What's new in v0.7.0
- Added PLINK2
PGENinput support with--pgenfor PCA workflows. PGENreads dosages when available, and can be forced to use hard calls with--hardcall.- Added genotype-likelihood aware projection for
BEAGLEinput with--project 3. - Projection now matches overlapping markers against the reference
.mbimand corrects flipped alleles when needed. - Added genome-wide selection scans via
--selection 1(Galinsky/FastPCA) and--selection 2(pcadapt). - Bug fixes for projection with missing data
- Fast Eigendecomposition when
N<<Mwith-d 3
Cite the work
- If you use PCAone, please first cite our paper on genome reseach Fast and accurate out-of-core PCA framework for large scale biobank data.
- If using the EMU algorithm, please also cite Large-scale inference of population structure in presence of missingness using PCA.
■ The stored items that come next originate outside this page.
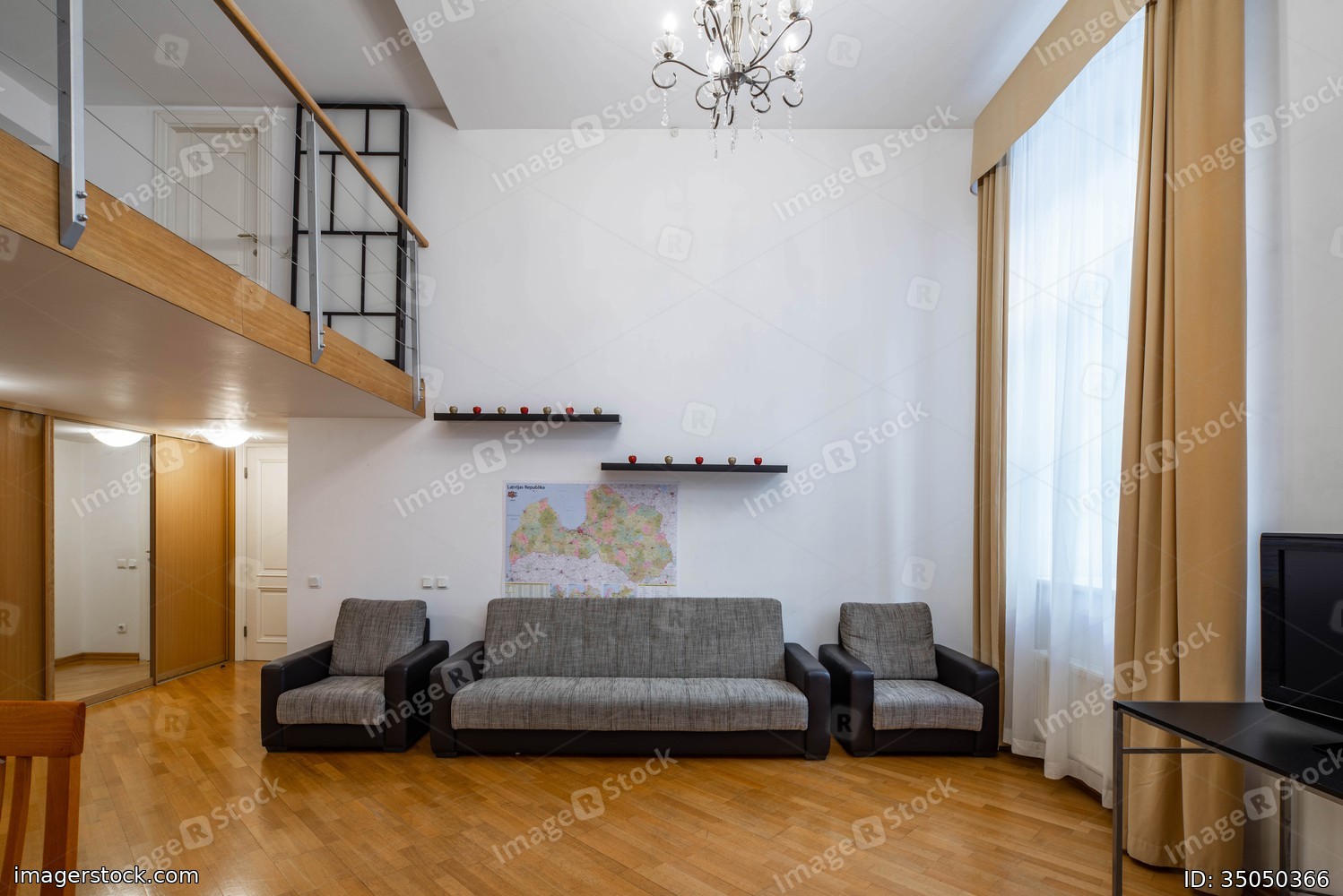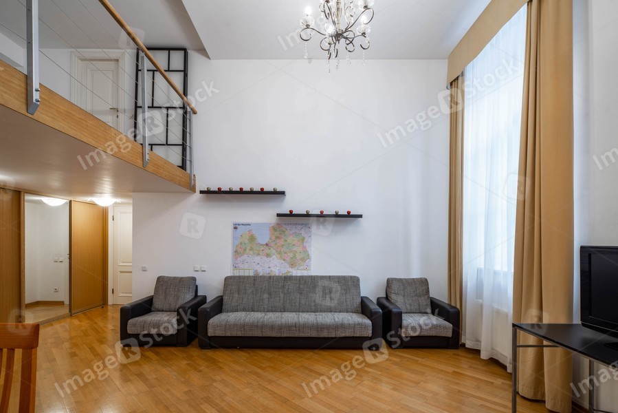 Modern interior of studio apartment. Wooden table. Cozy couch.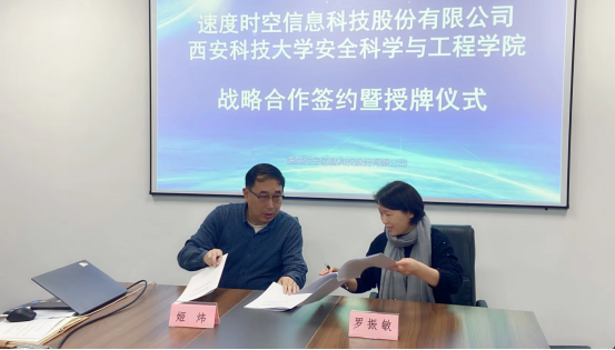 12月2日下午,体育365官网与速度时空信息科技股份有限公司(以下简称“速度中国”)战略合作签约暨共建联合实验室、员工实习实践基地授牌仪式在速度中国西部总部基地举行。速度中国高级副总裁兼军工防务事业部总经理姬炜、高级副总裁兼民政民生事业部总经理周雄、应急管理事业部副总经理孙海峰、人力资源中心总监徐雪嵩、西安子公司总经理王李、、西安子公司副总经理葛平、西部大区总经理张金明,安全科学与工程公司党委书记杜勇、执行经理罗振敏、副经理成连华、应急技术与管理系副主任郭军、教师代表刘黎出席仪式。会议由速度中国西安子公司副总经理徐晗主持。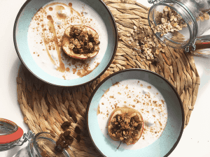 Appeltjes uit de oven in appelkaneelyoghurt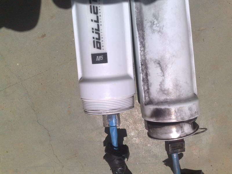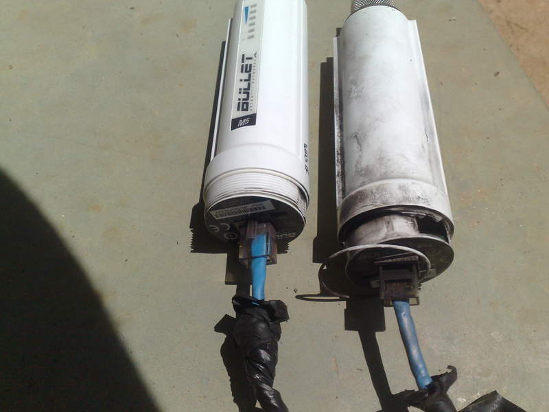 Fiz um PTP de 65km com 2 retições devido algumas deniveis do solo, em uma delas em um top de um planalto fico uma torre em uma casa, sugeri ao cliente pra fazer aterramento com desaclopador ele não quiz olha o que sobro do equepimanto no primeiro raio que o agracio com a chuva.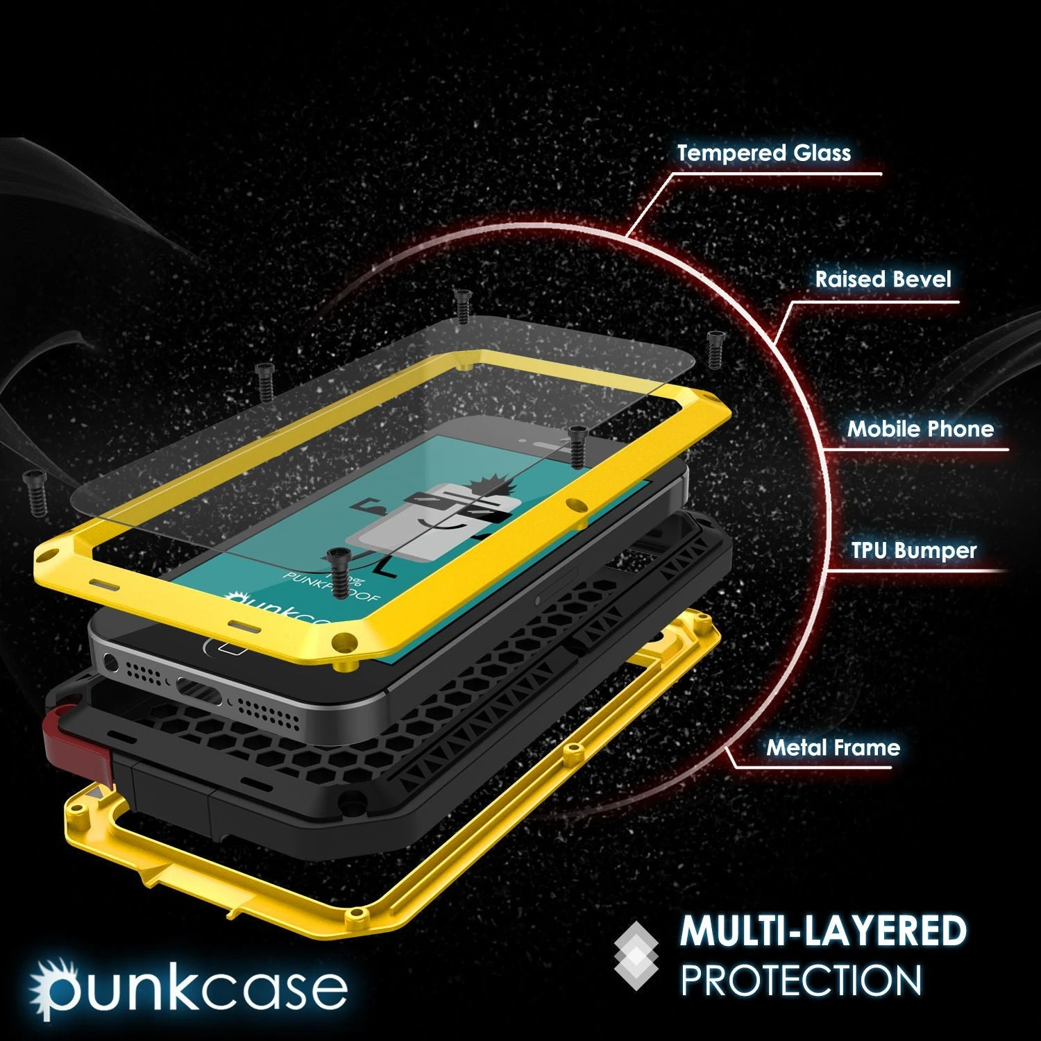 - The Punkcase® METALLIC comes with a TEMPERED Glass Armor 9H 0.33mm thick glass screen protector built in

- If using the PCAngsd algorithm, please also cite Inferring Population Structure and Admixture Proportions in Low-Depth NGS Data.
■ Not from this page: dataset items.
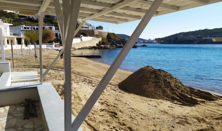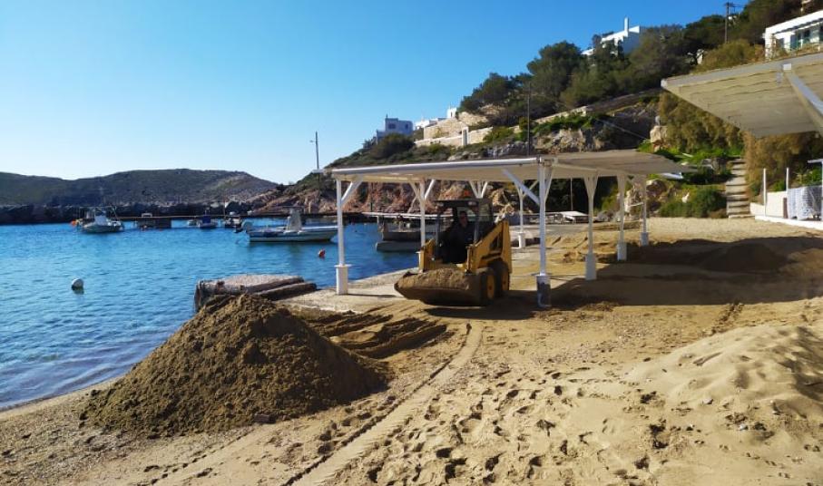 Η εικόνα της μικρής παραλίας μετά από έναν ιδιαίτερα έντονο χειμώνα είχε συγκεντρώσει αρκετά προβλήματα, με το βασικότερο, να αφορούσε στη “μεταφορά” της άμμου σε συγκεκριμένα σημεία. Αναλυτικότερα, αποτέλεσμα των έντονων καιρικών φαινομένων και του ισχυρού ανέμου καθ΄ όλη τη διάρκεια του χειμώνα ήταν να σχηματιστούν “λοφίσκοι” από άμμο στις επιχειρήσεις της περιοχής, η οποία “παρασύρθηκε” από το κύριο μέρος της παραλίας.
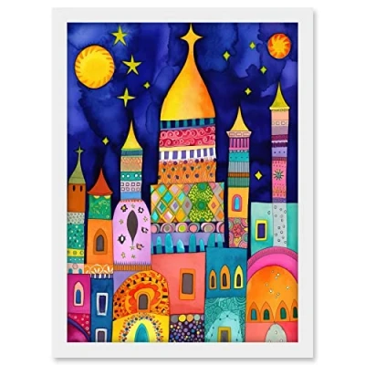 Artery8 Islamic Cityscape Moonlight Mosque Folk Art Artwork Framed A3 Wall Print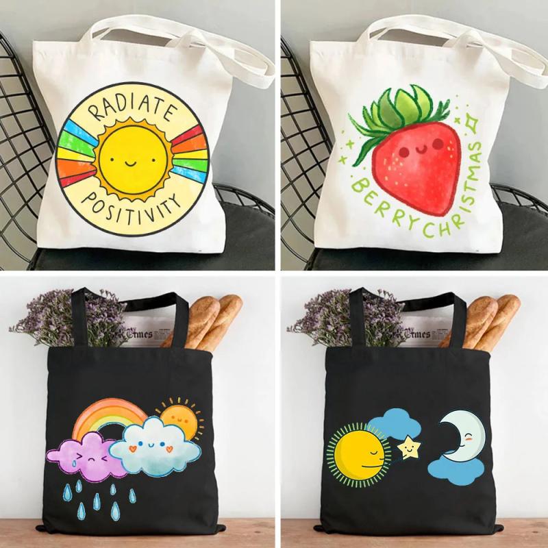 Abstract Clouds Sunshine Rainbow Sunshine Frog Sun Moon Strawberry Women Canvas
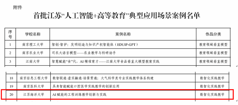 展望未来,学校将以此次入选为契机,依托省级“AI+课程及案例”平台,积极参与江苏“AI+教育”新生态建设,加强与兄弟高校的交流合作与经验互鉴,持续深化人工智能在工程教育领域的创新应用,全面推动人工智能赋能教育改革创新,不断提升人才自主培养质量。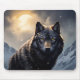 A majestic black wolf with piercing yellow eyes stands on a snowy mountain peak, gazing intently at the viewer. The wolf's fur is thick and dark, contrasting sharply with the white snow and the bright yellow moon in the background. The scene is bathed in a soft, ethereal light, creating a sense of mystery and wonder. Perfect gift for wolves and wildlife lovers.

- If using the ancestry ajusted LD statistics for pruning and clumping, please also cite Measuring linkage disequilibrium and improvement of pruning and clumping in structured populations.
Quick start
pkg=https://github.com/Zilong-Li/PCAone/releases/latest/download/PCAone-avx2-Linux.zip
wget $pkg && unzip -o PCAone-avx2-Linux.zip
wget http://popgen.dk/zilong/datahub/pca/example.tar.gz
tar -xzf example.tar.gz && rm -f example.tar.gz
./PCAone -b example/plink
R -s -e 'd=read.table("pcaone.eigvecs2", h=F);
plot(d[,1:2+2], col=factor(d[,1]), xlab="PC1", ylab="PC2");
legend("topleft", legend=levels(factor(d[,1])), col=1:4, pch = 21, cex=1.2);'
You will find these files in current directory.
.
├── PCAone # program
├── Rplots.pdf # pca plot
├── example # folder of example data
├── pcaone.eigvals # eigenvalues
├── pcaone.eigvecs # eigenvectors, the PCs you need to plot
├── pcaone.eigvecs2 # eigenvectors with header line
└── pcaone.log # log file
\newpage
Installation
There are 3 ways to install PCAone.
Download compiled binary
There are compiled binaries provided for both Linux and Mac platform. Check the releases page to download one.
pkg=https://github.com/Zilong-Li/PCAone/releases/latest/download/PCAone-Linux.zip
wget $pkg || curl -LO $pkg
unzip -o PCAone-Linux.zip
Via Conda
PCAone is also available from bioconda.
conda config --add channels bioconda
conda install pcaone
PCAone --help
Build from source
PCAone has been tested on both Linux and MacOS system. To build PCAone from the source code, the following dependencies are required:
- GCC/Clang compiler with C++17 support
- GNU make
- zlib
On Linux, we recommend building the software from source with MKL as backend to maximize the performance.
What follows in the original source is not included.